Transportation Revenue Focus of Concern Again

U.S. retail gasoline prices adjusted for inflation. Source: EIA . The blue line is the adjusted price, looking back into the 1970s. Note the peak just about when Virginia thought it wiser to tax a percentage of price rather than a fixed tax per gallon. Find the interactive version here: https://www.eia.gov/outlooks/steo/realprices/

In the middle of a booming economy, with many state revenue sources surging, flat transportation revenues were the focus of warnings Monday in presentations by Virginia Secretary of Finance Aubrey Layne and Secretary of Transportation Shannon Valentine.

“I think we are heading for a cliff,” Layne told the House Appropriations Committee.  “For the first time in our history, we’re seeing no increase in fuel tax revenue while vehicle miles traveled goes up.”

With the transportation funding package of 2013, Virginia became less reliant on an excise tax, fixed cents-per-gallon gasoline approach and started using the sales tax, percent-of-average-price model.  Wholesale prices have fallen rapidly since.  The tax was 17.5 cents per gallon before 2013, and is now 16.2 cents.  The Department of Motor Vehicles tracks prices and adjusts it annually.

Adjusted for inflation, as tracked by the federal Energy Information Agency in the chart above, the real price of gas has moved little in four decades and if anything is now about as low as ever.

Flat gas tax revenue and rising vehicle miles traveled. Source: Secretary of Finance

Seriously, did anybody really expect to see gas prices in Virginia so far below $2 a gallon ever again?  Well, it was always a possibility.  There is a floor under the statewide tax, preventing a total collapse of the revenue stream, which Virginia is now standing on. The projection Layne shared seems to assume we stay at the floor for a while.  The growing use of non-combustion engines is adding to the fiscal pinch.

Motor fuel taxes are now third on the list of transportation revenue sources, behind the general sales and use tax and the sales tax on motor vehicle sales and transfers.  The $750 million being collected in tolls around the state annually is closing rapidly on the $900 million or so paid in fuel taxes.

Five years after that highly-touted package the Fiscal Year 2018 transportation revenues missed their forecast.  The forecast for this fiscal year was reduced by $43 million.  It seems the improved revenues from the general sales tax, shared with transportation, are preventing even deeper deficits.  Total revenue for this year is estimated at about $3.6 billion, excluding the tolls.

Valentine outlined the massive projects underway in the wake of the 2013 transportation revenue measure.  She talked about the Next Big Thing, a $2 billion plus set of projects to deal with overloaded Interstate 81, with the expectation that tolls will cover that cost.   At a projected 17 cents per mile for heavy trucks and about 11 cents per mile for autos, the 325-mile transit will be expensive for people making the full trip (not Virginians, mainly, which is the point.)

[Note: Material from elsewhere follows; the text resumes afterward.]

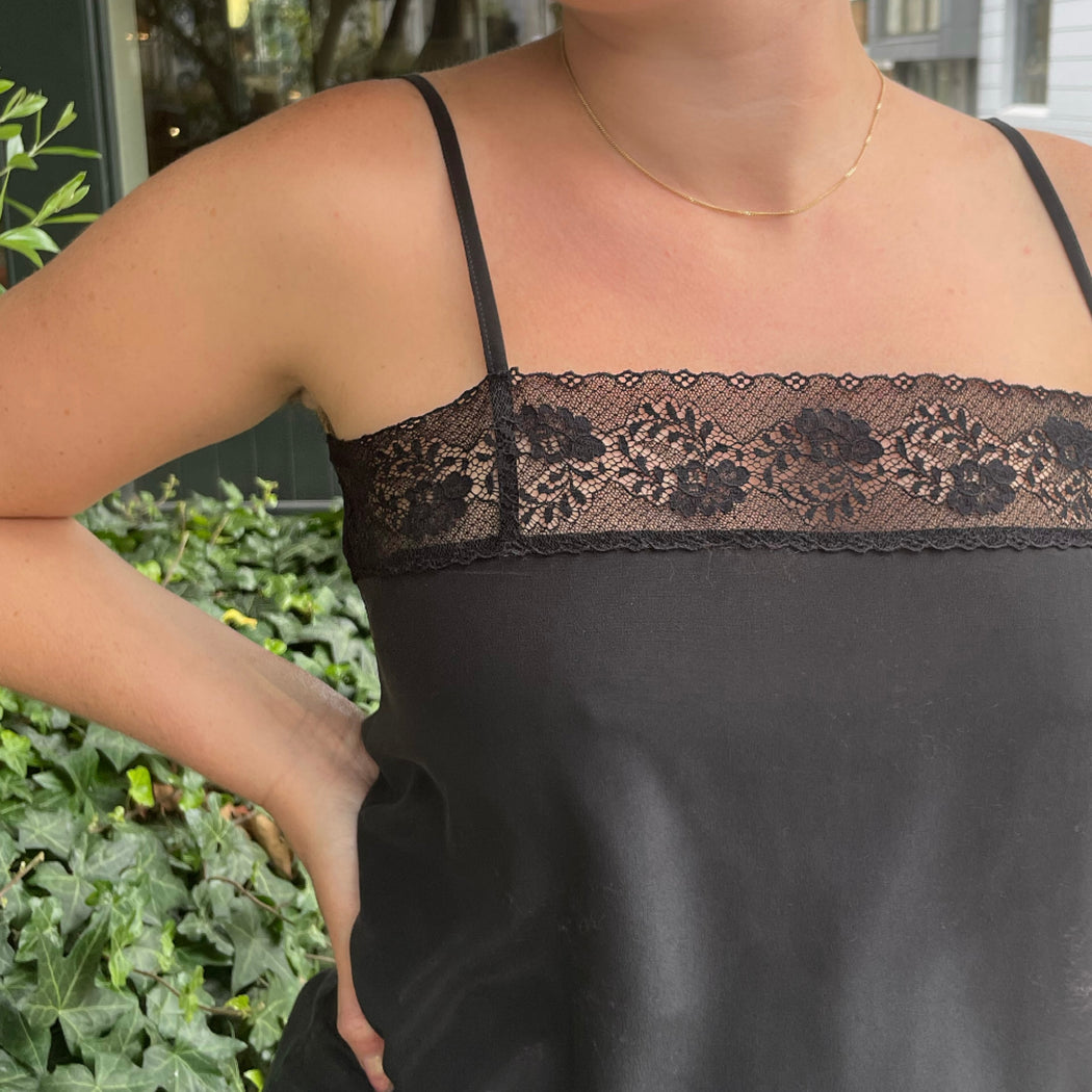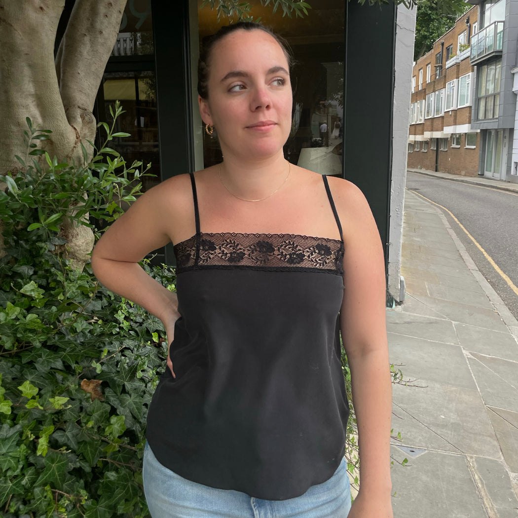 A beautifully light camisole top, perfect for everyday luxury. Proudly the charming lace trim is UK made. The Mima camisole will suit all figures. Beautiful sheer 100% silk Crepe de chine for ultimate luxurious comfort.

Once those tolls are in place, and the tolls for the expanded Hampton Roads Bridge Tunnel, will toll revenue pass gas tax revenue?  Very soon, Virginia, very soon.  It will be the third highest revenue source, then the second.  Virginia’s tax at the pump is getting smaller and smaller relative to other states.

Virginians – indeed any person driving an automobile or smaller truck, wherever they live – may be able to buy a pass good for a year of driving on I-81 for a relatively modest fee.  Valentine took great pains Monday to explain why that option works for the I-81 corridor, but not for the highly-tolled I-95 and Washington Beltway corridor.  If an I-81 annual pass does become part of the final approach, however, the demand for that idea elsewhere will be enormous.

The I-81 legislation has not been introduced.

I was a broken record on Bacon’s Rebellion for years, advocating for an increase in the basic fuel tax, hated though it is, and worrying that the change in approach would backfire.  That debate over high gas taxes continues in Washington as federal highway funds dwindle.  The debate is over in Virginia.  Tolls will be the default position now.

Valentine explained that with tolling revenue, the bonds to support the I-81 plan will likely have AAA rating.  A similar amount of revenue, using a 2.1 percent add on to the gas tax and an additional 0.7 percent on the general sales tax, would likely earn AA rating, meaning higher interest payments and fewer dollars for pavement and technology.

Who cares what the voters want, listen to Wall Street.  The gas tax is so 20th Century.   The underwriters know that the forces eroding its usefulness will grow, not abate, and the political will to hike it from time to time to keep up with general inflation is lacking, in Richmond or Washington.